Task objective: Please repeat the records beneath this task exactly as they appear, but skip the images.

Collected data:

======

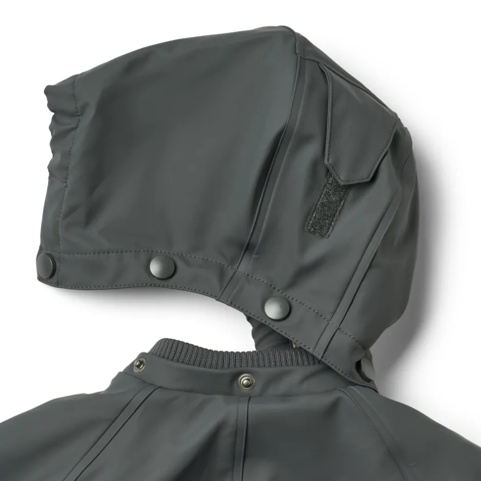 Uundværlig termo regndragt i åndbart- og vandtæt materiale til din baby. Wheat’s populære termo regndragt er en sand vinder i dit barns garderobe. Dragten er lige, hvad dit barn har brug for som overgangsdragt, når sæsonerne skifter. Dragten er i åndbart polyurethan (PU) materiale og er unik, da den holder dit barn både tørt og varmt. Den har mange praktiske detaljer såsom aftagelig og justerbar hætte, ribkrave og aftagelige gummi fodstropper.
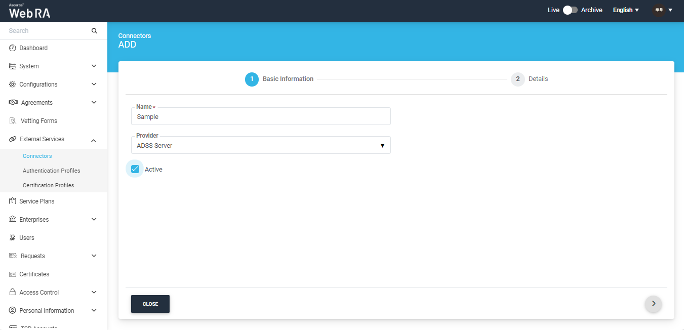 A connector is required in ADSS Web RA Admin to communicate with the respective ADSS Server instance.
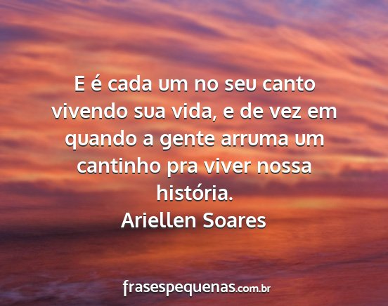 E é cada um no seu canto vivendo sua vida, e de vez em quando a gente arruma um cantinho pra viver nossa história.Ariellen Soares
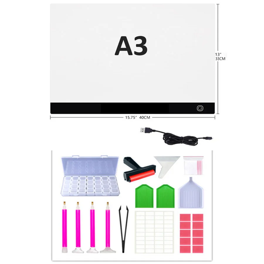 Большой светодиодный планшет для рисования A3, Светодиодная панель с подсветкой, аксессуары для алмазной живописи, наборы инструментов, алмазная вышивка, защита глаз
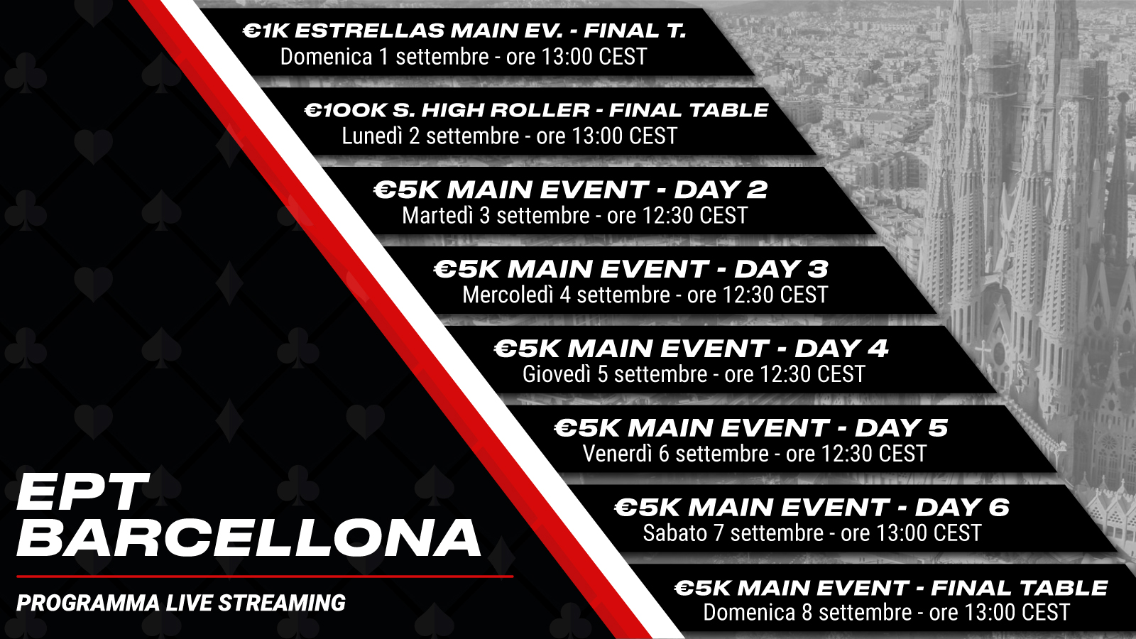 L’aspettativa è grande per ammirare in azione i più celebri professionisti del poker provenienti dall’Europa e dal resto del mondo. Per coloro che desiderano vedere i tornei dell’EPT, vi è un link per lo streaming in lingua italiana su questo sito: il Main Event, infatti, sarà trasmesso in diretta, gratuitamente e in italiano. Accedendo al player, gli spettatori avranno l’opportunità di assistere in tempo reale al rinomato torneo di poker che si tiene a Barcellona . Le narrazioni di Alberto Russo, Giada Fang e Pierpaolo Fabretti ci accompagneranno nell’esplorazione dei tornei che avranno luogo in terra catalana.

======

Expected answer:
 Uundværlig termo regndragt i åndbart- og vandtæt materiale til din baby. Wheat’s populære termo regndragt er en sand vinder i dit barns garderobe. Dragten er lige, hvad dit barn har brug for som overgangsdragt, når sæsonerne skifter. Dragten er i åndbart polyurethan (PU) materiale og er unik, da den holder dit barn både tørt og varmt. Den har mange praktiske detaljer såsom aftagelig og justerbar hætte, ribkrave og aftagelige gummi fodstropper.
 A connector is required in ADSS Web RA Admin to communicate with the respective ADSS Server instance.
 E é cada um no seu canto vivendo sua vida, e de vez em quando a gente arruma um cantinho pra viver nossa história.Ariellen Soares
 Большой светодиодный планшет для рисования A3, Светодиодная панель с подсветкой, аксессуары для алмазной живописи, наборы инструментов, алмазная вышивка, защита глаз
 L’aspettativa è grande per ammirare in azione i più celebri professionisti del poker provenienti dall’Europa e dal resto del mondo. Per coloro che desiderano vedere i tornei dell’EPT, vi è un link per lo streaming in lingua italiana su questo sito: il Main Event, infatti, sarà trasmesso in diretta, gratuitamente e in italiano. Accedendo al player, gli spettatori avranno l’opportunità di assistere in tempo reale al rinomato torneo di poker che si tiene a Barcellona . Le narrazioni di Alberto Russo, Giada Fang e Pierpaolo Fabretti ci accompagneranno nell’esplorazione dei tornei che avranno luogo in terra catalana.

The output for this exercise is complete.